• Assigned task: Because the pictures are not wanted, reproduce the rest of the records below exactly as they stand.

• Record set:

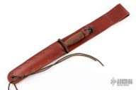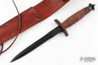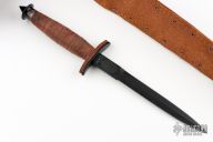 This V-42 1998 Devils Brigade Dagger by Case features a black double edged blade with .171" blade stock and .743" blade depth, hidden tang construction. The handle has a black steel guard, stacked leather grips and black steel butt. Comes with brown leather sheath. Has scuffs and scratches, good condition otherwise.
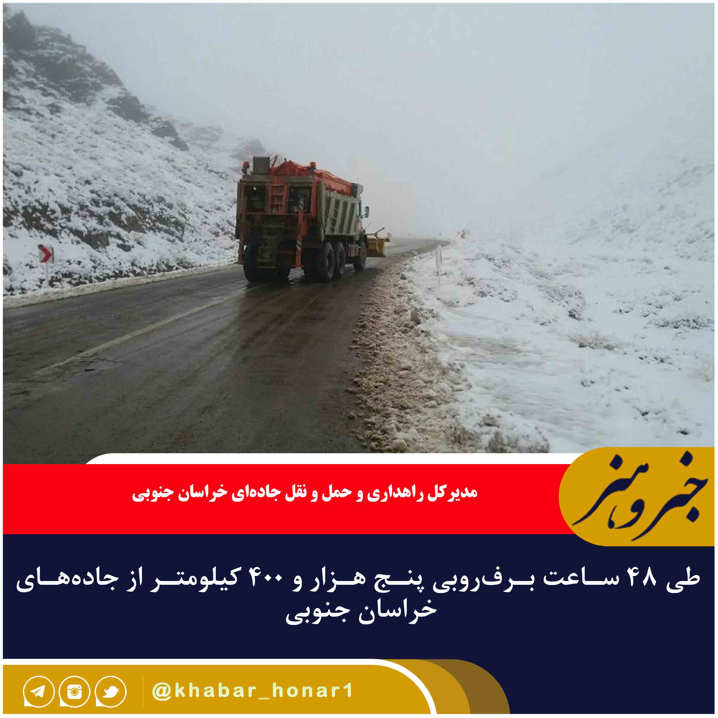 مدیرکل راهداری و حمل و نقل جادهای خراسان جنوبی گفت: طی ۴۸ پنج هزار و ۴۰۰ کیلومتر عملیات برفروبی در محورهای مواصلاتی این استان انجام شده است.
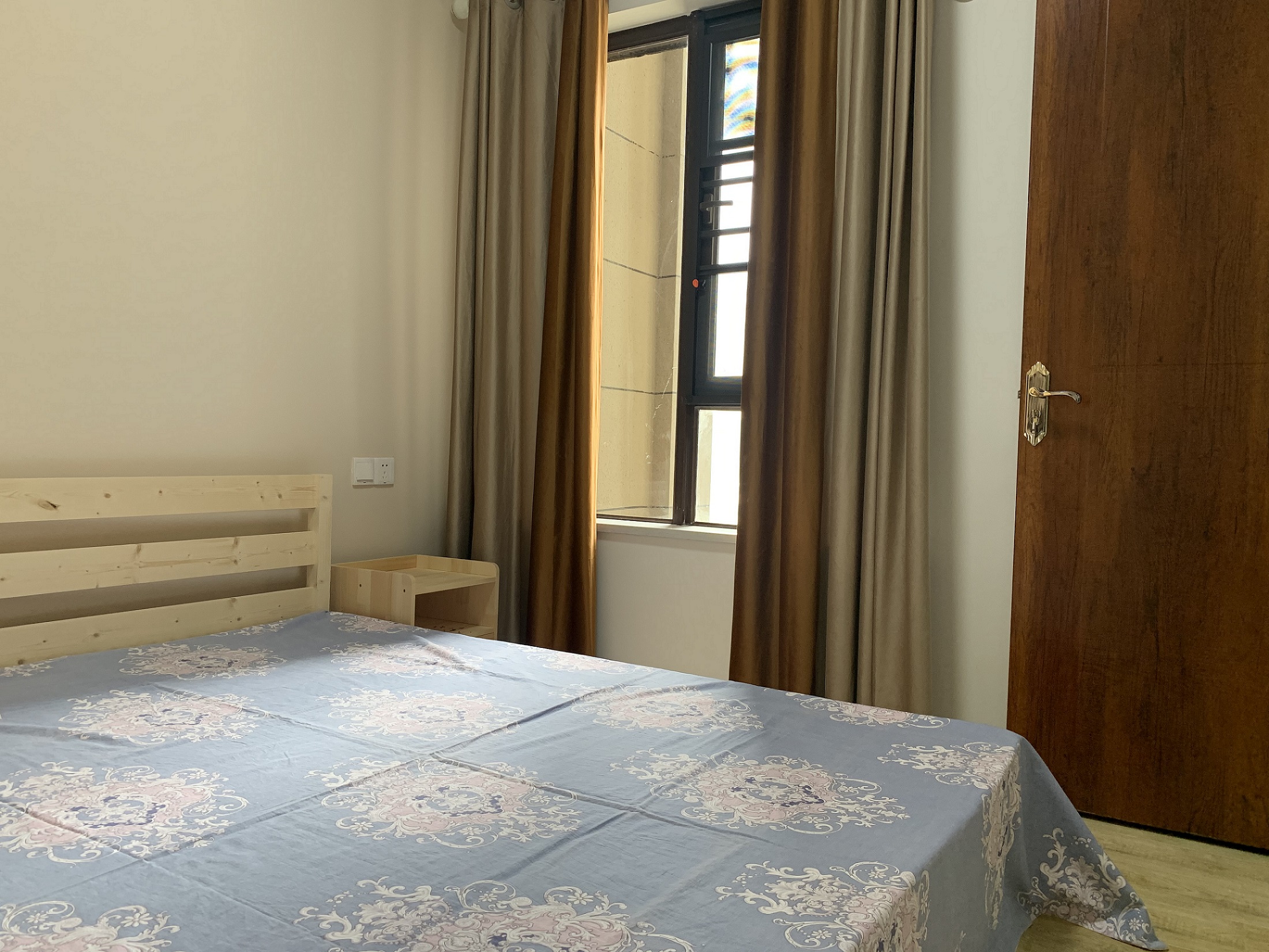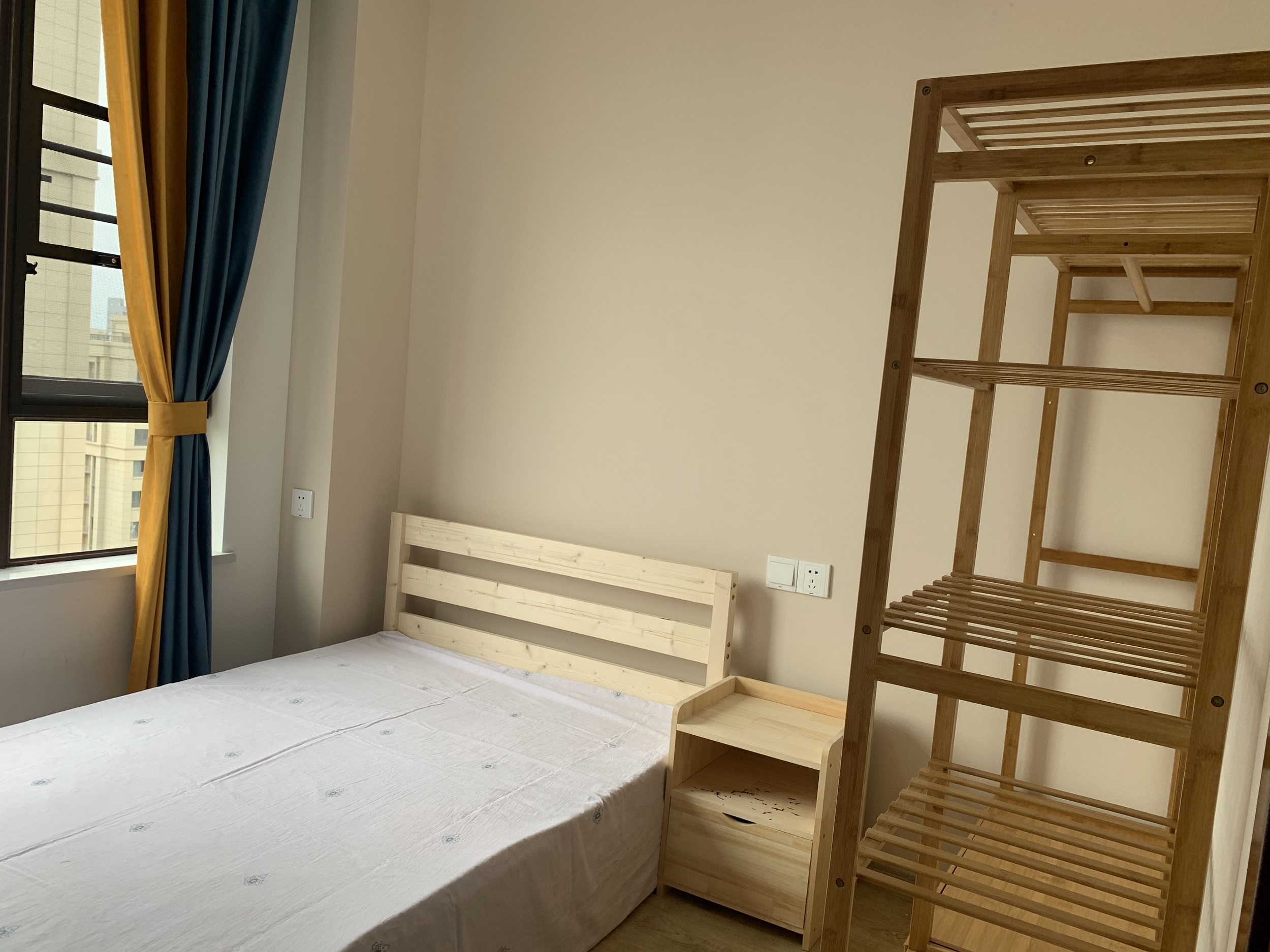 卧室布置简约之至,木色床架和家具尽显清晰自然质感,在简约浅黄的墙面、窗帘,打造出舒适的睡眠空间。
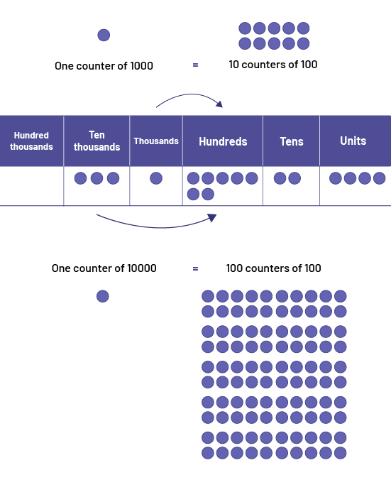 Another way to check for understanding is to ask students, for example, how many hundreds there are in 31 724. Many students will say that there are 7. It is important to clarify that the number in the hundreds position is a "7", but that the number 31 724 actually has 317 hundreds (317 groups of 100 per group). We can recognize these hundreds by regrouping the ten thousands and the thousands into hundreds. A counter that represents ten thousand is equivalent to 10 counters of one thousand and 100 counters of one hundred. So, 3 ten thousands represents 300 hundreds, and 1 thousand represents 10 hundreds. We must then add the 7 hundreds to the 310 hundreds obtained in the grouping, for a total of 317 hundreds.
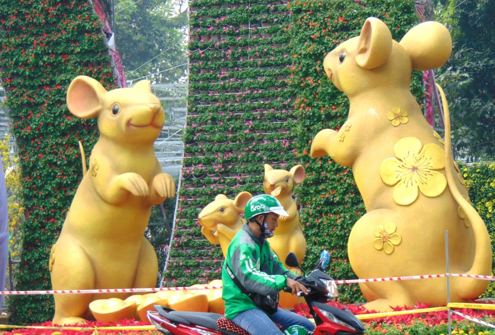 Những chú chuột lí lắc trong Hội hoa xuân 2020. Ảnh: TRẦN NGỌC
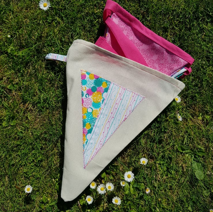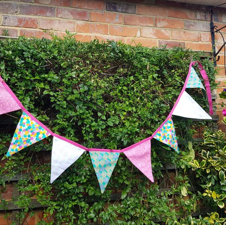 These lovely cotton fabrics make a cheerful bunting to brighten up your garden, conservatory or indoors. Ideal for festival too.
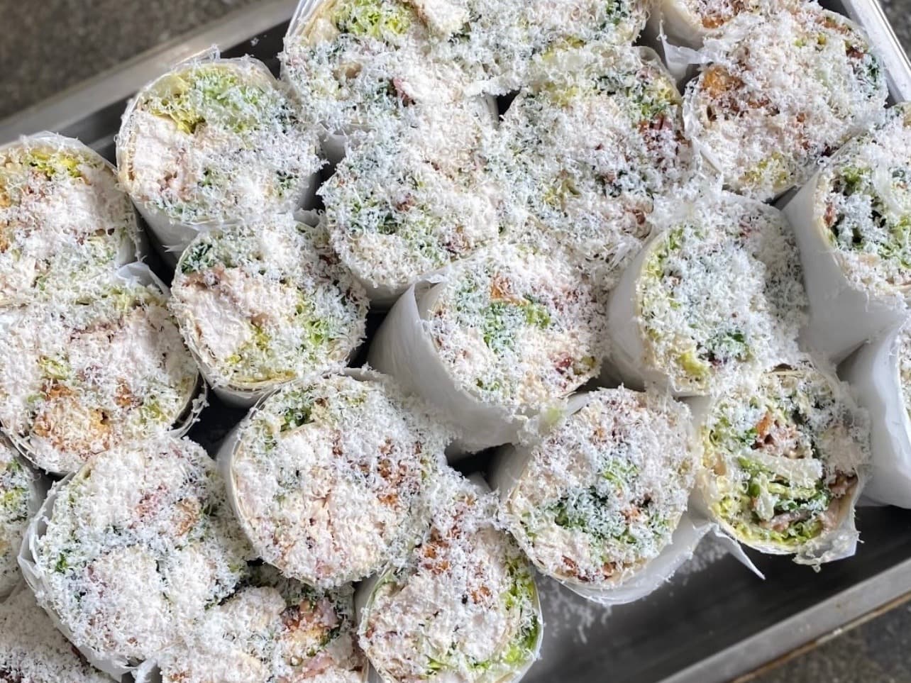 If you love a caesar salad, this one is for you! Folded in a wrap with a heavy shaving of parmesan on top. Serve as is, or pop into your toaster!
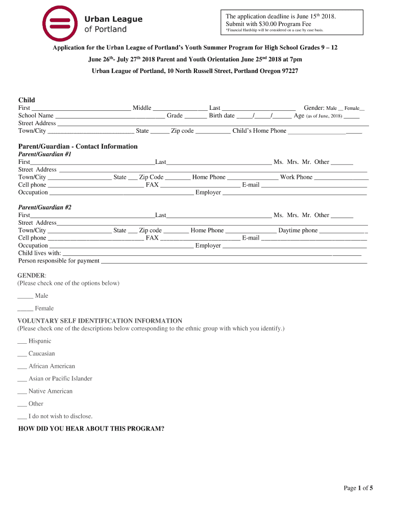 The application deadline is June 15th 2018. Submit with $30.00 Program Fee *Financial Hardship will be considered on a case by case basis. Application for the Urban League of Portland's Youth Summer
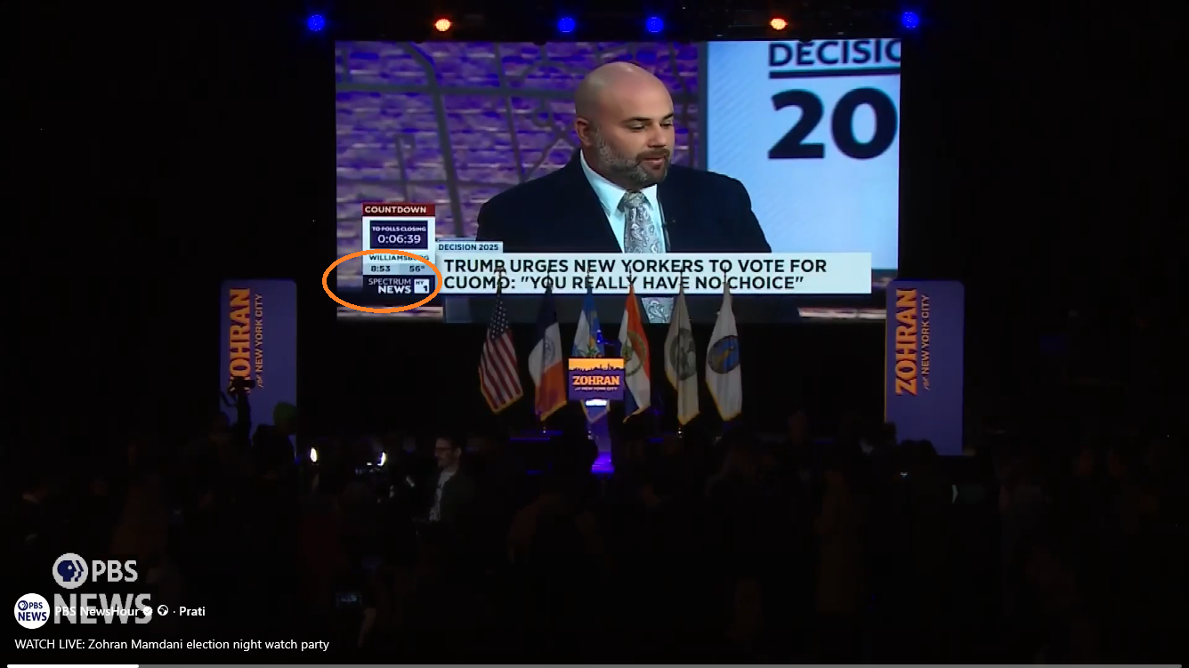 Uz to, glasnogovornik Spectrum Newsa pojasnio je kako se Trumpova poruka našla ispred Mamdanijevih pristaša. Rekao je za portal Snopes da je na ekranu prikazan prijenos Spectrum Newsa NY1 s izborne noći, koji je uključivao i raspravu o Trumpovim reakcijama:
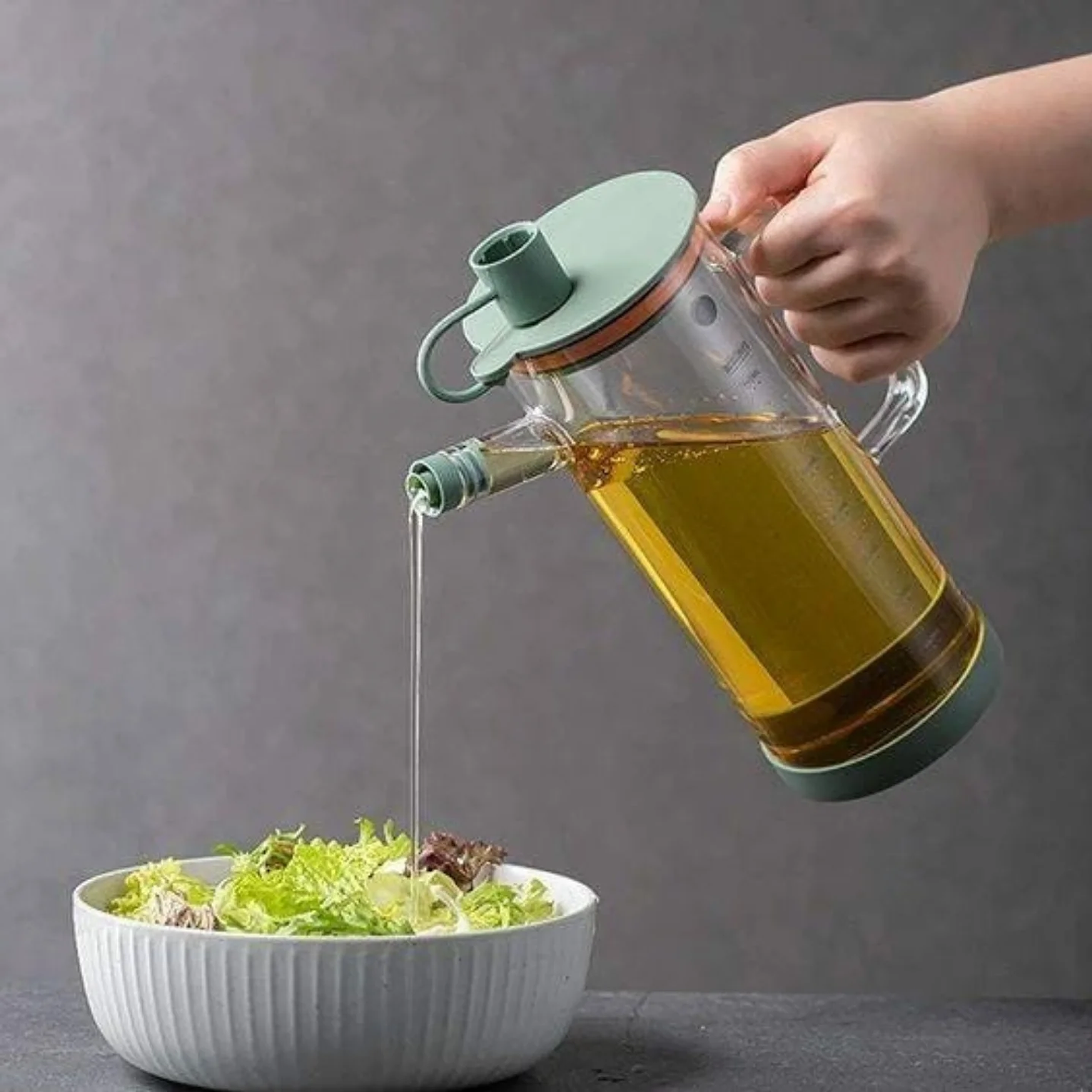 A durable and functional 750ml leak proof oil jar made from high borosilicate glass. This Large capacity oil pot features an Accurate oil control scale and a Multi-layer leak proof design to ensure a clean, precise pour.

• The answer:
 This V-42 1998 Devils Brigade Dagger by Case features a black double edged blade with .171" blade stock and .743" blade depth, hidden tang construction. The handle has a black steel guard, stacked leather grips and black steel butt. Comes with brown leather sheath. Has scuffs and scratches, good condition otherwise.
 مدیرکل راهداری و حمل و نقل جادهای خراسان جنوبی گفت: طی ۴۸ پنج هزار و ۴۰۰ کیلومتر عملیات برفروبی در محورهای مواصلاتی این استان انجام شده است.
 卧室布置简约之至,木色床架和家具尽显清晰自然质感,在简约浅黄的墙面、窗帘,打造出舒适的睡眠空间。
 Another way to check for understanding is to ask students, for example, how many hundreds there are in 31 724. Many students will say that there are 7. It is important to clarify that the number in the hundreds position is a "7", but that the number 31 724 actually has 317 hundreds (317 groups of 100 per group). We can recognize these hundreds by regrouping the ten thousands and the thousands into hundreds. A counter that represents ten thousand is equivalent to 10 counters of one thousand and 100 counters of one hundred. So, 3 ten thousands represents 300 hundreds, and 1 thousand represents 10 hundreds. We must then add the 7 hundreds to the 310 hundreds obtained in the grouping, for a total of 317 hundreds.
 Những chú chuột lí lắc trong Hội hoa xuân 2020. Ảnh: TRẦN NGỌC
 These lovely cotton fabrics make a cheerful bunting to brighten up your garden, conservatory or indoors. Ideal for festival too.
 If you love a caesar salad, this one is for you! Folded in a wrap with a heavy shaving of parmesan on top. Serve as is, or pop into your toaster!
 The application deadline is June 15th 2018. Submit with $30.00 Program Fee *Financial Hardship will be considered on a case by case basis. Application for the Urban League of Portland's Youth Summer
 Uz to, glasnogovornik Spectrum Newsa pojasnio je kako se Trumpova poruka našla ispred Mamdanijevih pristaša. Rekao je za portal Snopes da je na ekranu prikazan prijenos Spectrum Newsa NY1 s izborne noći, koji je uključivao i raspravu o Trumpovim reakcijama:
 A durable and functional 750ml leak proof oil jar made from high borosilicate glass. This Large capacity oil pot features an Accurate oil control scale and a Multi-layer leak proof design to ensure a clean, precise pour.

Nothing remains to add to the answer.